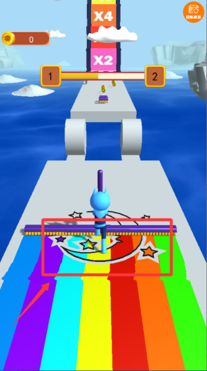 2、收集赛道上的颜料罐可解锁绘制功能,长按屏幕使用马桶塞工具临摹虚线图案,成功后可触发加速或清除障碍等效果。
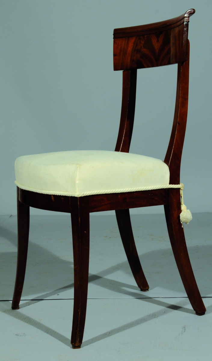 SUITE DE HUIT CHAISES en acajou. Dossier bandeau souligné de deux nervures. Pieds en sabre.
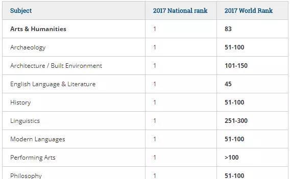 UCD的艺术人文学科综合排名世界第83位,同时这一门类下包含了排名世界第45位的英语语言与文学,另外还有其他4个强势进入世界排名前100的学科,它们分别是:考古学、历史学、现代语言学及哲学。
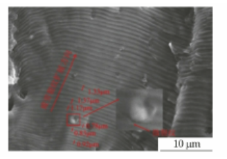 疲劳条带间围绕二次相的微裂纹形貌如图10所示,该微裂纹的长度约为2μm。根据图中单个疲劳条带的宽度和式(5)可以推断出疲劳裂纹扩展速率。

• Work instruction: Pictures are not part of the copy. Restate everything else in the listing word for word.

• Written solution:
 2、收集赛道上的颜料罐可解锁绘制功能,长按屏幕使用马桶塞工具临摹虚线图案,成功后可触发加速或清除障碍等效果。
 SUITE DE HUIT CHAISES en acajou. Dossier bandeau souligné de deux nervures. Pieds en sabre.
 UCD的艺术人文学科综合排名世界第83位,同时这一门类下包含了排名世界第45位的英语语言与文学,另外还有其他4个强势进入世界排名前100的学科,它们分别是:考古学、历史学、现代语言学及哲学。
 疲劳条带间围绕二次相的微裂纹形貌如图10所示,该微裂纹的长度约为2μm。根据图中单个疲劳条带的宽度和式(5)可以推断出疲劳裂纹扩展速率。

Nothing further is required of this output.